The object of the present invention, which results from the collaboration of the Service National des Champs Intenses (national department for the study of strong fields: Director, M. AUBERT) is a method for making a gradient coil as well as a gradient coil obtained by this method. This gradient coil is designed to create a magnetic field gradient in a volume covered by a nuclear magnetic resonance device for the formation of optical images. The invention has special application in the medical field where optical image formation by nuclear magnetic resonance is unanimously acknowledged to be a diagnostic aid. Of course, it can be used in other fields. The goal of the present invention is to help in the creation of images, of a body to be examined, which are more faithful and more precise in their resolution.

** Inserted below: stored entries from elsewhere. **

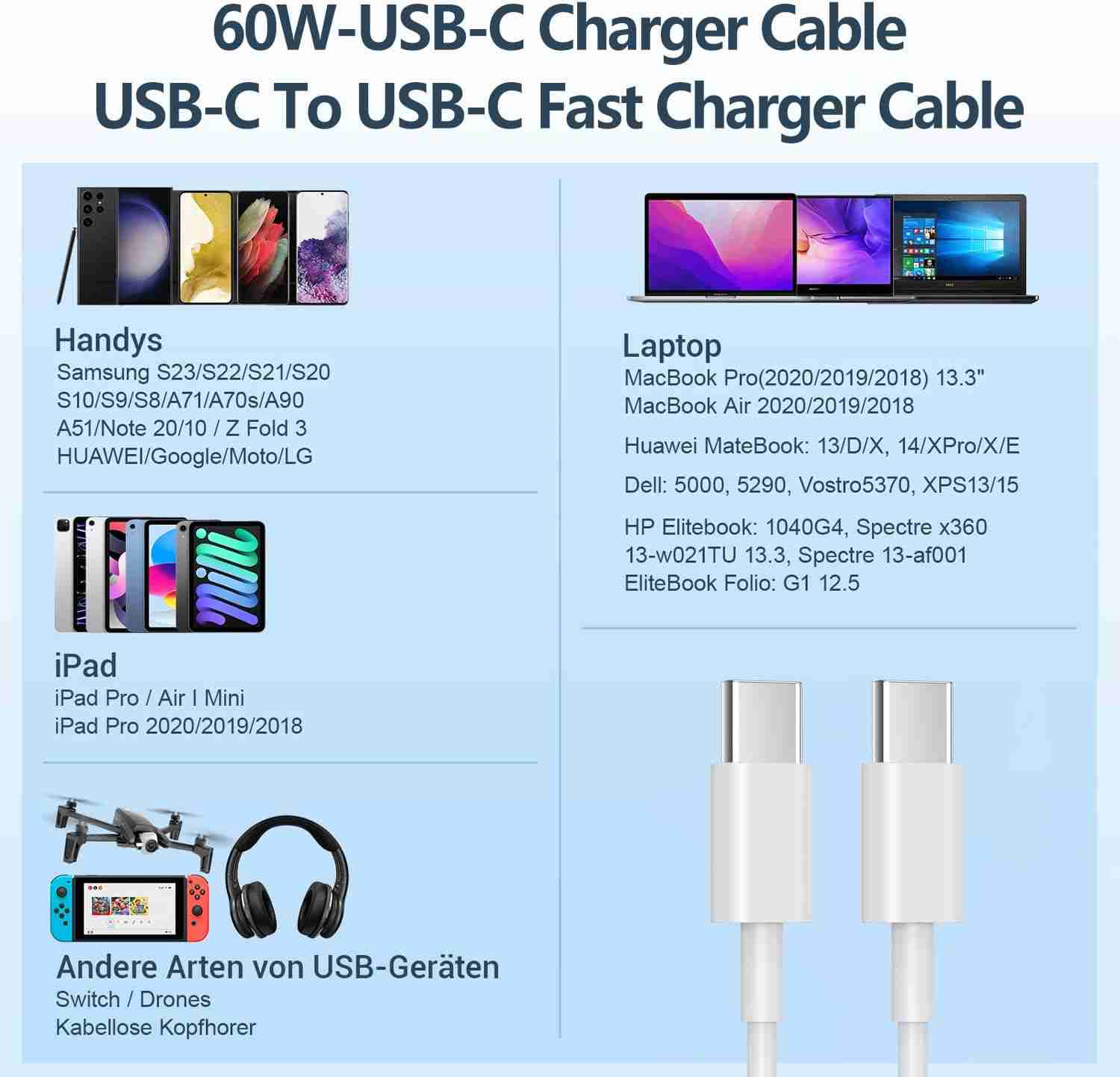 USB C charger cable 【Supports Power Delivery】: Get up to 60W high-speed charging for all of your USB-C devices when paired with a USB-C charger. 【Built to Last】: A hard-wearing nylon exterior and a bulletproof fiber core combine to create a cable that can withstand up to 12,000 bends USB C 【What You Get】: 1M New USB-C to USB-C Cable our friendly customer service.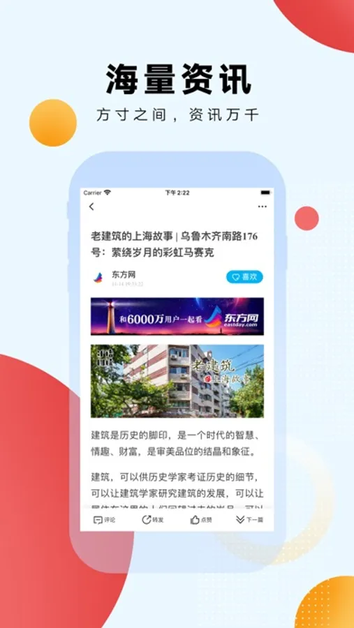 东方新闻是中国互联网百强企业东方网推出的一款聚合类新闻资讯平台,与其他新闻资讯客户端不同点在于我们更关心用户对新闻阅读的本质需求:知悉更快、权威可信、阅读性强、制作精良,相比流量和眼球我们更看重每一次阅读是否给你带来有用的信息或实在的服务。如果你是对时事敏感,对“开局党”“钓鱼党”特别反感,对冗余资讯、对人为造成信息闭塞等深恶痛绝,建议您花点时间体验一下空气不一样的东方新闻。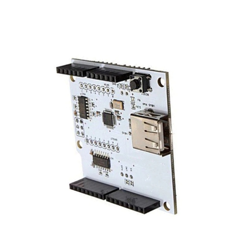 Pelindung Host USB V2.0 untuk Mendukung Android ADK USB HUB Fitur: baru dan berkualitas tinggi Semasa menyahpepijat, telefon perlu hidupkan penyahpepijatan USB. Papan ekspansi USB Host dan perlu digunakan untuk papan kontrol utama. Dukungan untuk sebagian besar papan kendali utama Ardu. Kelas perangkat berikut saat ini didukung oleh perisai:HID perangkat, seperti keyboard, mouse, joystick, dll. Konverter USB ke serial – FTDI, PL-2303, ACM, serta ponsel tertentu dan penerima GPS. Ponsel dan meja Android yang mampu ADK. Kamera Digital –, Powershot, DSLR dan P&S, serta PTP. Dukungan bagi lebih banyak perangkat saat ini dalam pengembangan: Dukungan untuk, dll. Juga mendukung MEGA1280, 2560. Ini membuat Ardu sangat nyaman untuk berkomunikasi dengan perangkat budak USB, seperti keyboard USB, mouse, disk U, kamera, Android, dan sebagainya. Menggunakan Perisai Host USB dengan Ardu juga dapat menerapkan ADK. Papan Ekspansi Pelindung USB USB / Edisi Ekspansi Hos USB-Biarkan Ardu mendukung ponsel Android Anda.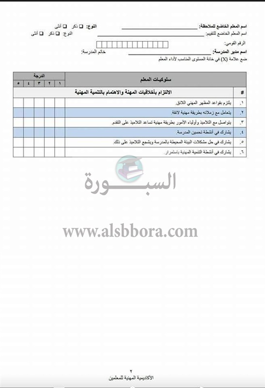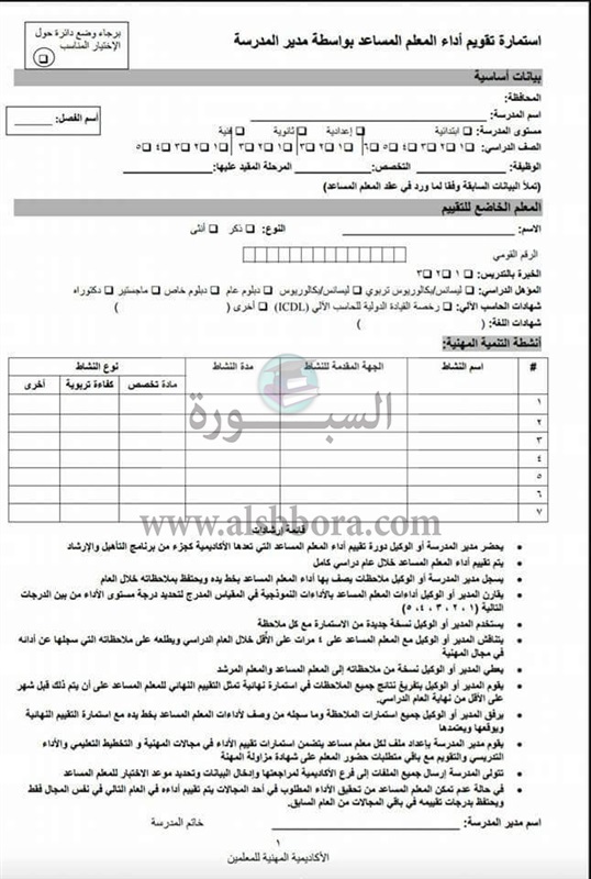 تنشر"السبورة" استمارات تقييم المعلم بشأن الترقيات واليكم صور الاستمارات :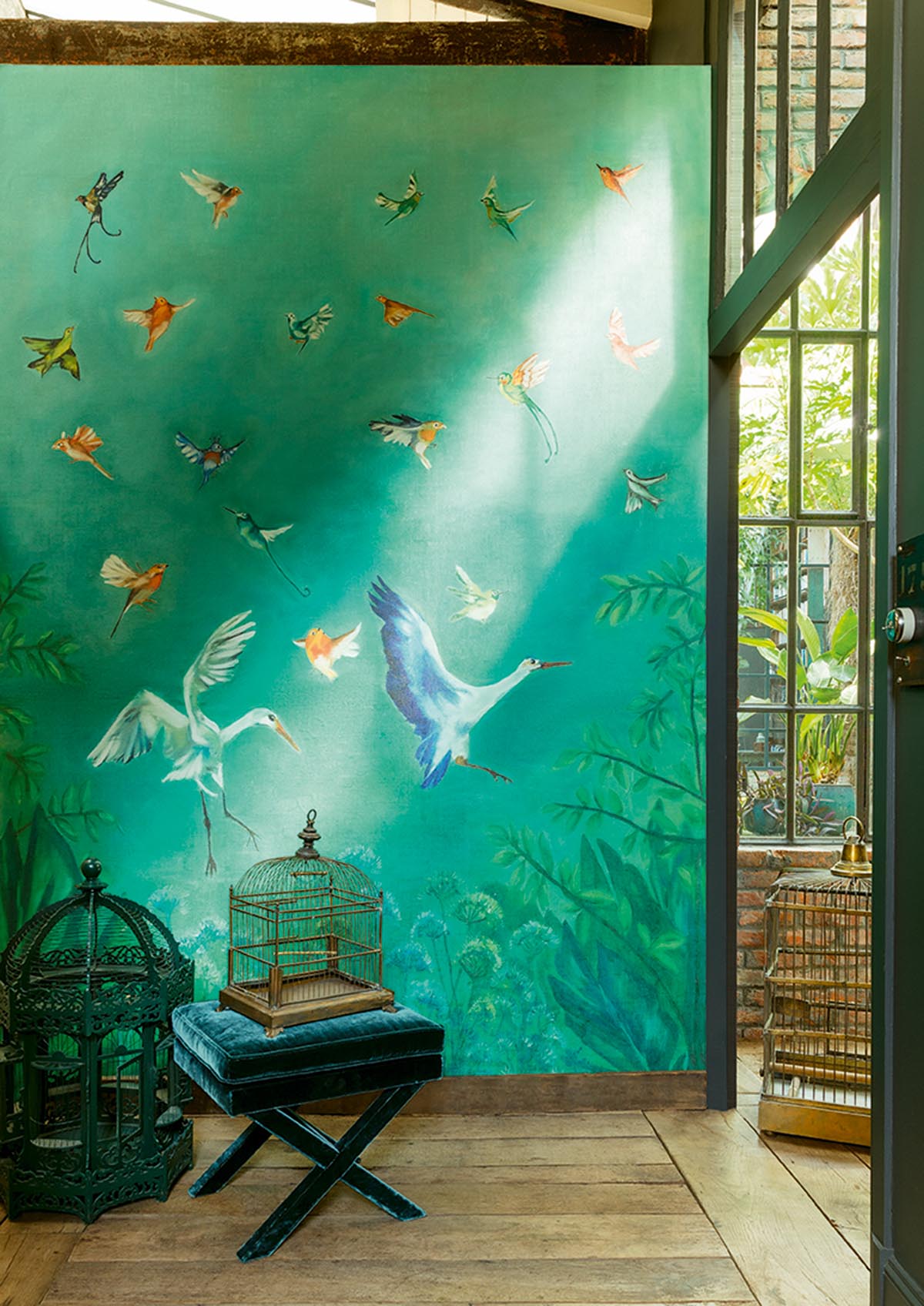 Un coin de paradis, une nature innocente, les oiseaux au plumage de toutes les couleurs dansent et ouvrent une douce perspective. La peinture à l’huile, les traits de pinceau légers et libres créent le mouvement et ouvrent l’espace. Imprimé sur vinyle gaufré à l’effet toile contrecollé sur intissé.

A device for optical image formation by nuclear magnetic resonance comprises essentially three types of coils. An initial type of coil (which may be replaced if necessary by a permanent magnet) is aimed at creating a strong, homogenous, magnetic field B.sub.0 in a pre-determined space of interest. A second type of coil, known as a radiofrequency coil, is aimed at subjecting a body, which is examined and placed under the influence of the field of the first coils, to radiofrequency excitation sequences and at measuring a radiofrequency signal transmitted in return by the particles of the body. The radiofrequency response is a response in volume: all the particles of a region of the body subjected to the examination transmit their radiofrequency responses at the same time. To create an image, it is necessary to differentiate these responses. To this end, optical image formation devices comprise a third type of coils, known as gradient coils, to superimpose the component of an additional magnetic field on the the strong field. The value of these components is a function of the coordinates in space of their place of application (conventionally, it is proposed to structure this differentiation along three mutually perpendicular axes, X, Y and Z; by convention, the axis Z is even generally taken as being co-linear with the strong field created by coils of the first type). In other words, each location of the space may be coded by a different field value; the modifications that result from this are exploited in the re-transmitted signal to create the image.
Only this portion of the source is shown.